_Task objective_. Print the lines below from the line with "MeMoi Women's Snowman" to the line with "1.「名将謁見」:期間中にコ" exactly, keeping both ends, and print no pictures.

_Given data_.

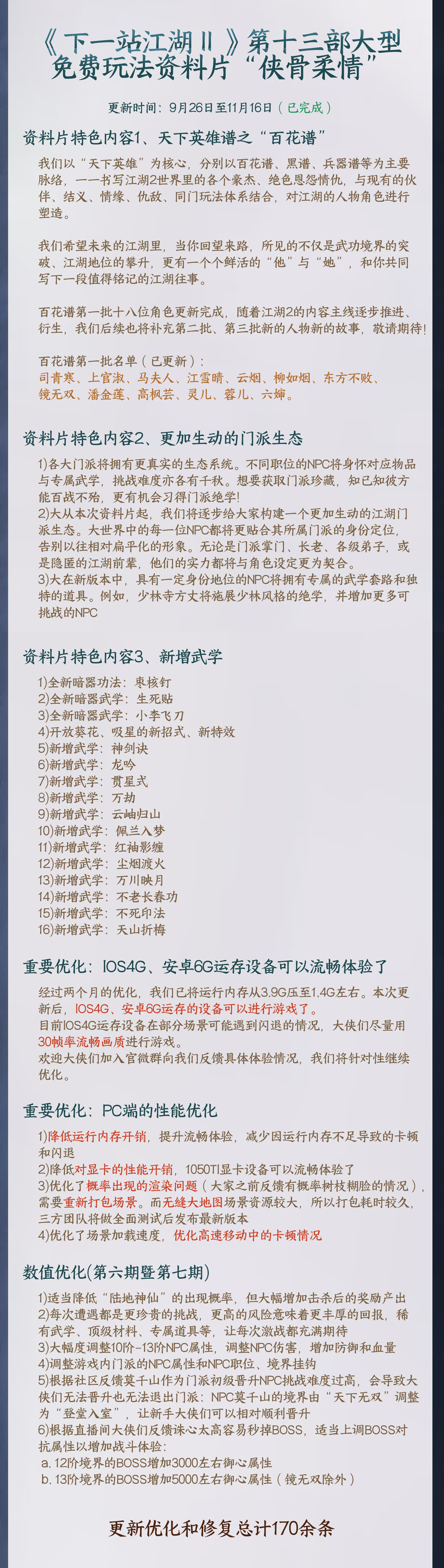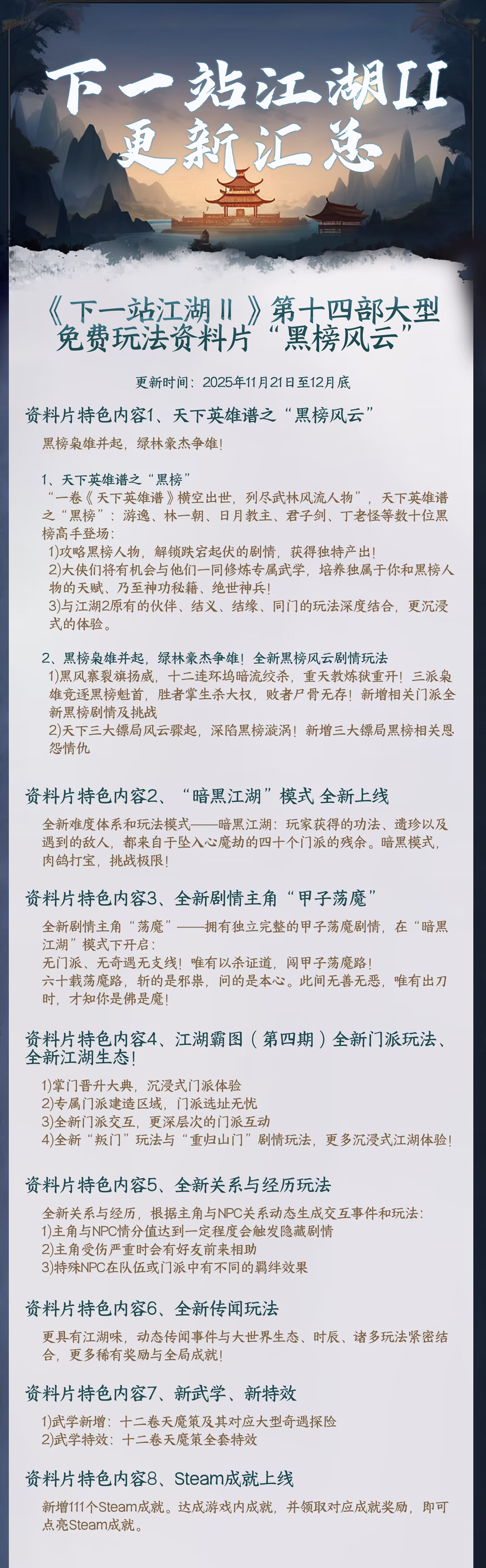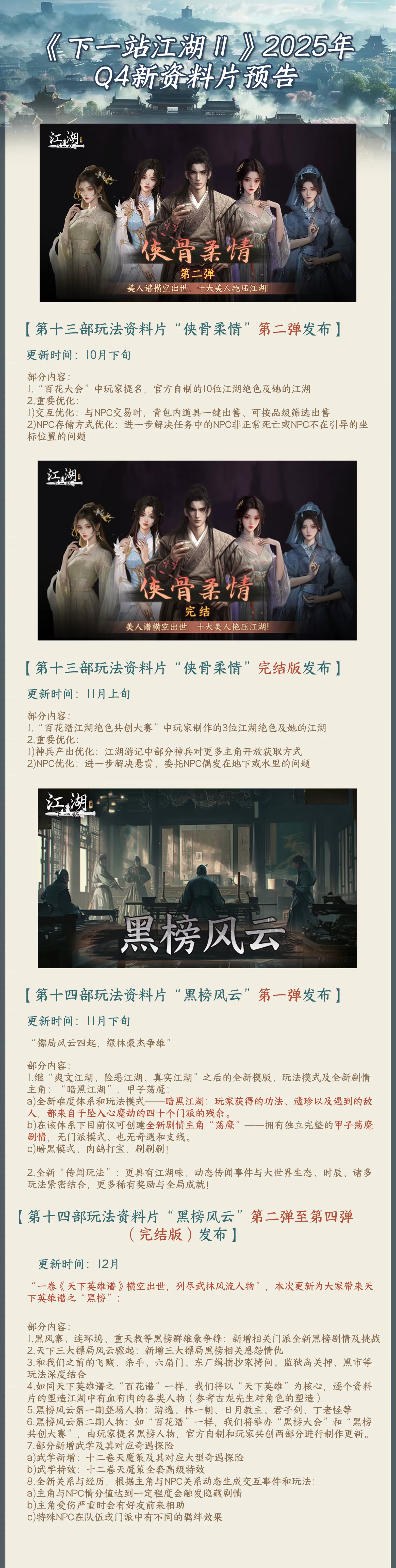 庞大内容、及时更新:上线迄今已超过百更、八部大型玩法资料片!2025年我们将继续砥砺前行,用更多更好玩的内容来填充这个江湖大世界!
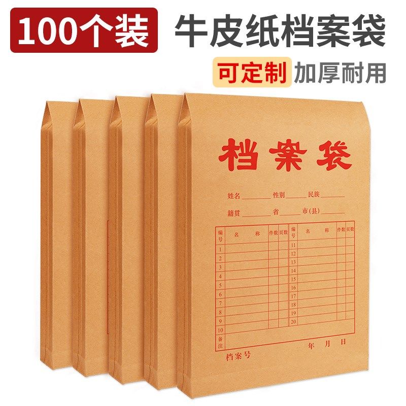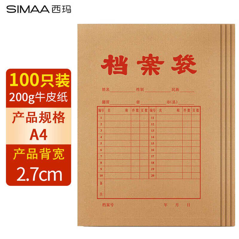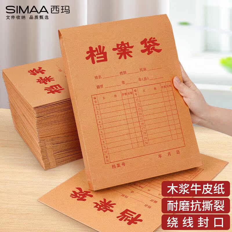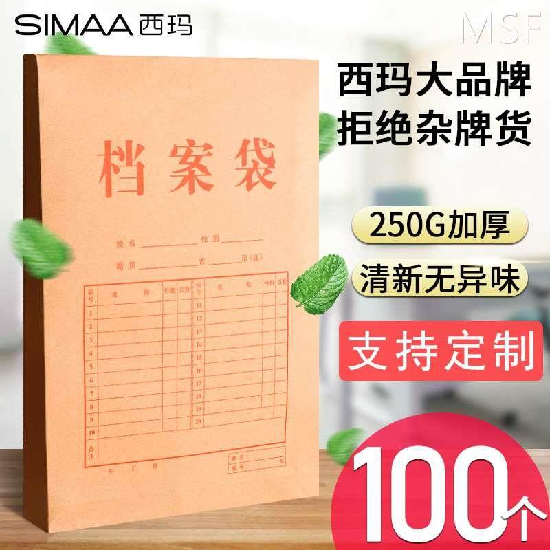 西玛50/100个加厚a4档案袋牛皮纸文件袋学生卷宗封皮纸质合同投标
* * *
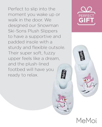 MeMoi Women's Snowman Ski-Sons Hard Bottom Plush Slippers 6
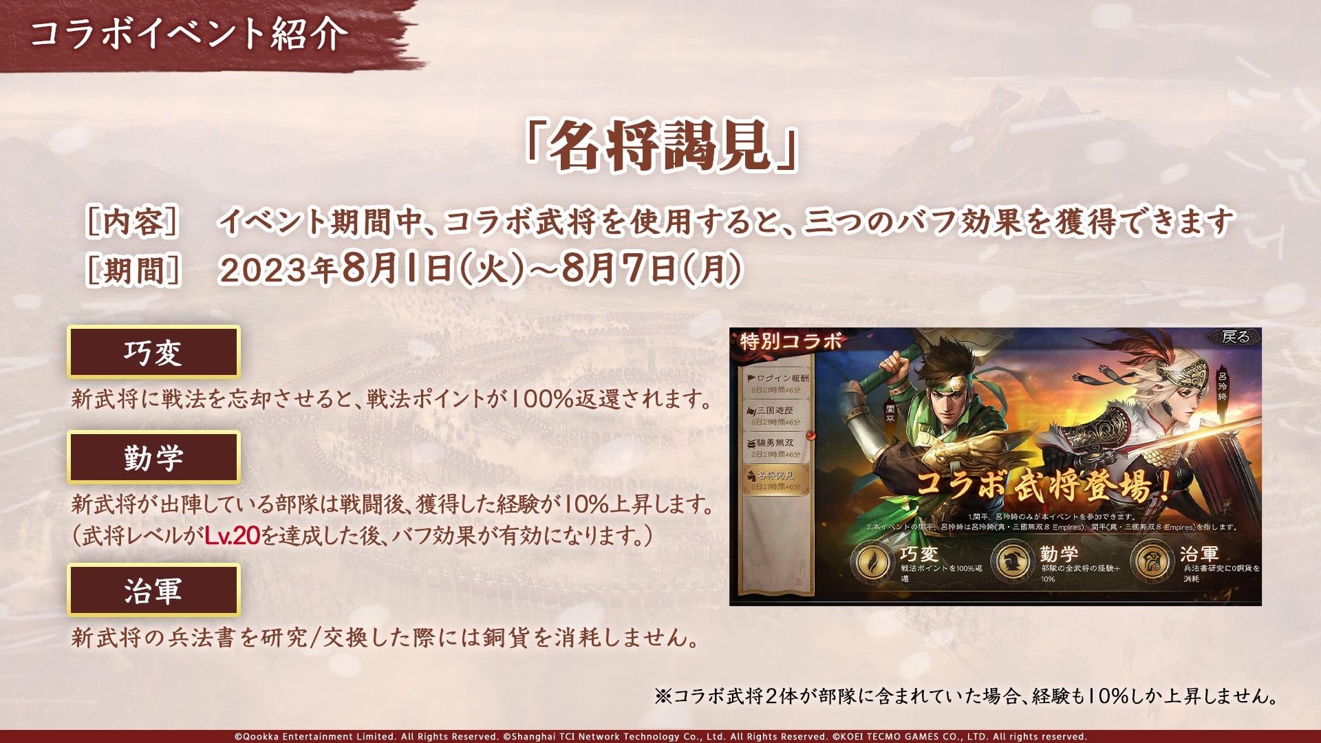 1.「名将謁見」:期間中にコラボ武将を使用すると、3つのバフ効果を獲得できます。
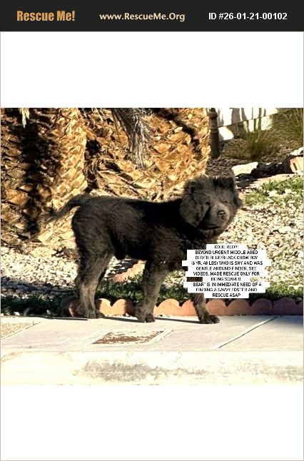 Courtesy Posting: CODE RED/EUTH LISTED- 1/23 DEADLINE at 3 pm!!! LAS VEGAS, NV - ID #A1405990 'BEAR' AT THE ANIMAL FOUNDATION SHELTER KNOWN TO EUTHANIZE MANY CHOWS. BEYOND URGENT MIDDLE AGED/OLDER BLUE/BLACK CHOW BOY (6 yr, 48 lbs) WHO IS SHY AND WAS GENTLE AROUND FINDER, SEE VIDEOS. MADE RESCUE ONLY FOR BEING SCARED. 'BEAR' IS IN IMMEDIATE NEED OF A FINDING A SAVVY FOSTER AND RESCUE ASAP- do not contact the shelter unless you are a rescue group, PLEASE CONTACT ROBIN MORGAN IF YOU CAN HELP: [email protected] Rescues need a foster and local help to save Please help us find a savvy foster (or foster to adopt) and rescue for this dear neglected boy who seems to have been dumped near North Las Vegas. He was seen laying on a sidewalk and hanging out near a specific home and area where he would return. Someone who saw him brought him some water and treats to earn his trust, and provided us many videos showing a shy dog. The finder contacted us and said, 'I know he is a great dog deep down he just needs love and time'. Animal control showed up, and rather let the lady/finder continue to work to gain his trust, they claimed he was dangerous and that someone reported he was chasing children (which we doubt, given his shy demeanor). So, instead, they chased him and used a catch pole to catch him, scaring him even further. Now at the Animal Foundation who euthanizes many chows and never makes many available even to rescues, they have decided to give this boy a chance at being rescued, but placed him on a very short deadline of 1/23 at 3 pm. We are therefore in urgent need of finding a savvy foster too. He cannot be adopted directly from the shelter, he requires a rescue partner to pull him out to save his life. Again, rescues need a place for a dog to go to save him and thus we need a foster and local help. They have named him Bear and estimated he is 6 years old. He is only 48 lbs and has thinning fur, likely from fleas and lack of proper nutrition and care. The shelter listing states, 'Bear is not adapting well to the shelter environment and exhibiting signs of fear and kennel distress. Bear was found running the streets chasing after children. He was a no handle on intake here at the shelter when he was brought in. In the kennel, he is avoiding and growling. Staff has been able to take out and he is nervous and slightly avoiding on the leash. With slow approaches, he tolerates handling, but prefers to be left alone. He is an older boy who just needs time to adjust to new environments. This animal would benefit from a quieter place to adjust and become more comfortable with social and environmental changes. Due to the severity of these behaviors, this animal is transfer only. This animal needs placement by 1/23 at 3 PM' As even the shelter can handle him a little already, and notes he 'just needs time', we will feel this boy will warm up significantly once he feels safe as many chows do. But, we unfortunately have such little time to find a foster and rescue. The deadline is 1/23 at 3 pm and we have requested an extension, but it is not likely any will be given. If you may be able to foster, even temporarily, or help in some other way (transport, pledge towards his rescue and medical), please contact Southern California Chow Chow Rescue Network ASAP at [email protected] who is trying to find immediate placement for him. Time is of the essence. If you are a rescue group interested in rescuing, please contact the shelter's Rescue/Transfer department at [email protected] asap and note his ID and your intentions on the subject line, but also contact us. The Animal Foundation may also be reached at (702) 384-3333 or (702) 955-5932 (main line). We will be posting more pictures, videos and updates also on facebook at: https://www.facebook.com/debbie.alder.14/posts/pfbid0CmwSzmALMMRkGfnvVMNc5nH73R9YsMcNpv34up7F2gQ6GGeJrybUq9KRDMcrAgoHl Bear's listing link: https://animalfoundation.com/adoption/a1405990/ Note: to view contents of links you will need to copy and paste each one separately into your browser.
---
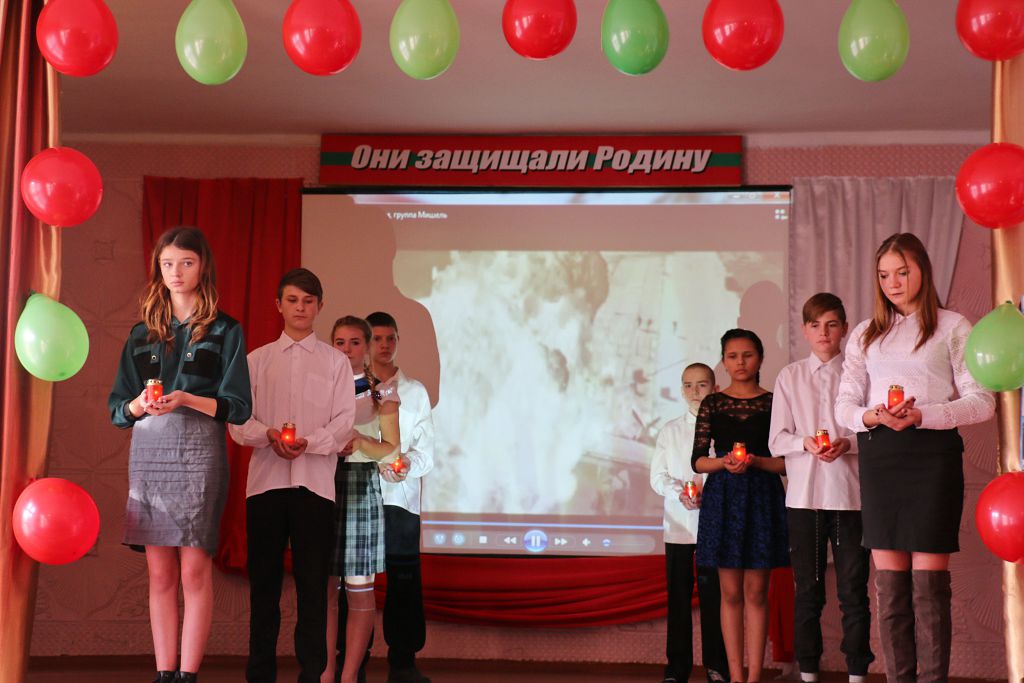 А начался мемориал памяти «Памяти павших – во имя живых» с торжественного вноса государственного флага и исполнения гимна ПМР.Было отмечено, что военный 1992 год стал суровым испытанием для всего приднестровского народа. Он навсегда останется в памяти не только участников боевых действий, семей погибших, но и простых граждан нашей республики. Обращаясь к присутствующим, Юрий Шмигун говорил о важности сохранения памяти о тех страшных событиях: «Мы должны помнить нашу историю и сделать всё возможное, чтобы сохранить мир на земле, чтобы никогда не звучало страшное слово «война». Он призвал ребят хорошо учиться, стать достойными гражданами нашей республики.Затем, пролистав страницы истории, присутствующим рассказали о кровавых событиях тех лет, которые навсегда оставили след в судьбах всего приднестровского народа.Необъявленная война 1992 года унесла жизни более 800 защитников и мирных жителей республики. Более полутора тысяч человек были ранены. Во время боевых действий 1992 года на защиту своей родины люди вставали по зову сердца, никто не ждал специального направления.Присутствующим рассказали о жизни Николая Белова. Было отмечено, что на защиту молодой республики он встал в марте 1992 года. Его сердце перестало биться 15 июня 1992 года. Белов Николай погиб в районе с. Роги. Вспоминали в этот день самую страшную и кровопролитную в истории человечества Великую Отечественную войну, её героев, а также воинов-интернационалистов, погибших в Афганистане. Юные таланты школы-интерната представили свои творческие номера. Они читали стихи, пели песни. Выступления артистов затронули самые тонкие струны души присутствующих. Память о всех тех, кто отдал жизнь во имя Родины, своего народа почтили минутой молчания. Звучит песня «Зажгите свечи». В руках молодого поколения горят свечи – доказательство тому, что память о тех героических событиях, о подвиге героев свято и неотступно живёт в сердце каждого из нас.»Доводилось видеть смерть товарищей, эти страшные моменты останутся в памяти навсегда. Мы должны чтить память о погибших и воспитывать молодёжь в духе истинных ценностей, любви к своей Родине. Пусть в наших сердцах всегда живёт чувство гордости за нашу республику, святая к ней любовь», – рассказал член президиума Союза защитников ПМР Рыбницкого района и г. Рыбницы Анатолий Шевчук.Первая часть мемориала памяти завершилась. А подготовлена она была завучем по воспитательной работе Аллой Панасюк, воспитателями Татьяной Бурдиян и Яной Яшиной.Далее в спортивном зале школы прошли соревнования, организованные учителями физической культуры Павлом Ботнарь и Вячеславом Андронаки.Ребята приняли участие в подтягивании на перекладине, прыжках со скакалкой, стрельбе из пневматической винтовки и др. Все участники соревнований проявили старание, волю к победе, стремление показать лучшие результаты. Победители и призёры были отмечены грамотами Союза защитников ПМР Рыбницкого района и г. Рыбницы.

_Result for this task_.
 MeMoi Women's Snowman Ski-Sons Hard Bottom Plush Slippers 6
 1.「名将謁見」:期間中にコラボ武将を使用すると、3つのバフ効果を獲得できます。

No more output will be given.